I translate in my head 'spelling rhyme' to "not an actual rhyme' or 'I'm cheating' or 'I just can't think of a good word so fuck it this'll have to do'
@Færd That works for me. It's not a perfect rhyme but sounds good anyway.
@MattE.Эллен You know what's annoying? When a notification of a chat flag pops up, and you vote on it (yay! easy UI!) and then you wonder about the context... and then you can't find it. There's no list of voted on flags. I want to check the context, but now I can't.
@Mitch yeah. the system should force you to go to the room before you vote. but I guess if something it truly horrendous then it's better to deal with it quickly than go in search of context
eg this just in "I do. I've watched the last few days of chat as I catche up and the D&D hate is coming through loud and clear. If you say so. I'll let it go."
Well, I would have had some minimal interest in seeing the conversation but I only had enough time to read the flag and c-p it, not enough with that UX to visit and judge well.
I often think authoritatively that simple taboo word recognition is awfully ... over simplified manner to judge for valid flag, but then that's what I can do in the short 5 seconds of the life of the chat flag.
Nikolay Platoshkin, founder of a socialist movement titled "For New Socialism", may get 6 years of penal colony in Russia.

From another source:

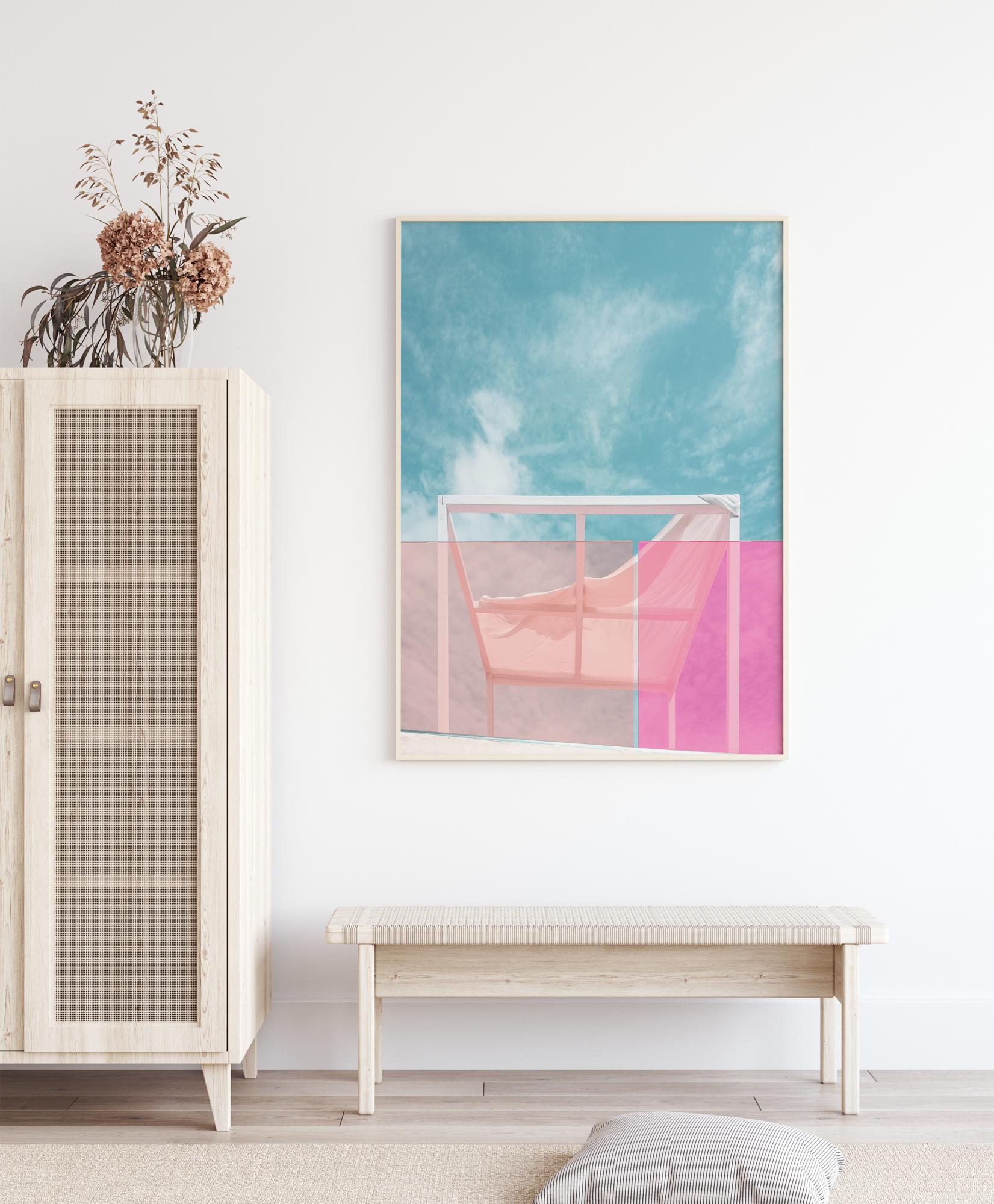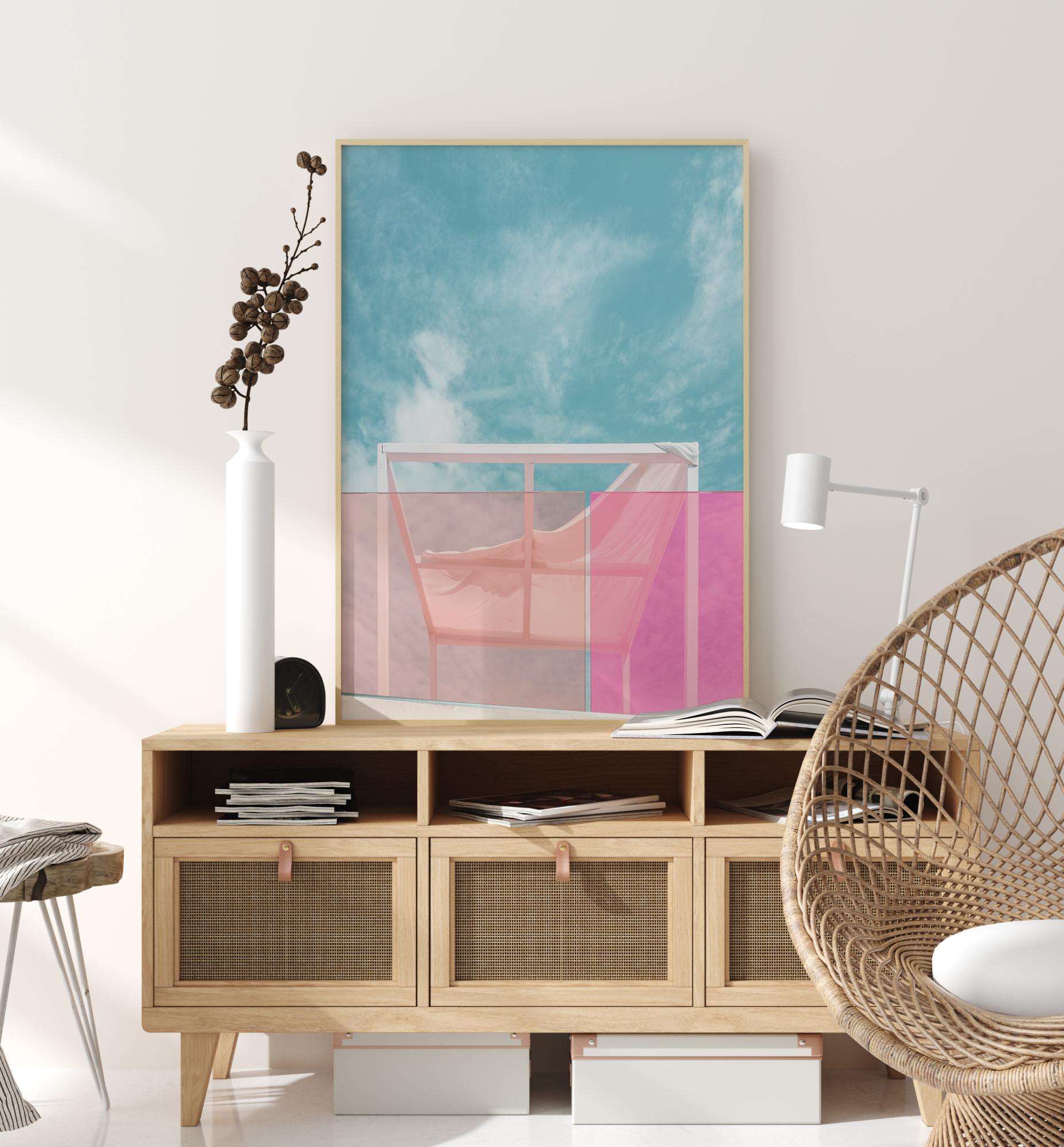 A colourful poster of the summer sky and a sunroof. Through the pink glass panes of the balcony you can see the white canopy and the soft white clouds in the blue sky. Imagine sunbathing out here on the roof on a warm summer day.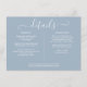 Una elegante tarjeta de información de detalles de boda personalizada con sus detalles especiales en tipografía elegante y sus nombres y fecha de boda al revés en un polvoriento fondo azul. Puede personalizar el fondo del color de su tema boda favorito. Diseñado por Thisisnotme©

The prosecutor has requested this term for him today. znak.com/2021-05-18/…
Putin is trying to suppress all non-controlled parties.
In a separate development, Head of the Chechnya Region recorded a video in which he promises to kill a person who called him a devil in a social network comment.
The Russian General Prosecutor's Office has a history of "not noticing" such statements made by Kadyrov, although it's a punishable crime in Russia.
@Cerberus It seems many people seem to think that the 'person' applies to themselves as opposed to the person/thing they are meeting. Like: I saw the new iPad in person.
Well, he’s arguing that if I say I’ve seen the Mona Lisa in person, which I have, that that’s wrong. I’m saying it’s not wrong, and is in fact a very direct way to get the point across. He could ask on ELL.
That's a value judgment on lots of things, not a descriptive rule. Language doesn't always work with rules. It'd be simpler to for French to say 'nonante et neuf' yet they insist on 'quatre-vingt dix-neuf'
but that could easily be a judgement of the French.
starts torpedo up again
@Cerberus We say what we say because others do and then we do. If there's logic that supports it that is just after the fact rationalization. It may make the pattern easier to generalize and remember but there's no guarantee that it is truly general.
I feel like emojis are not expressive enough. Like it's a little snapshot of one person's (or a committee of friends who are mostly identical) thinking up reactions.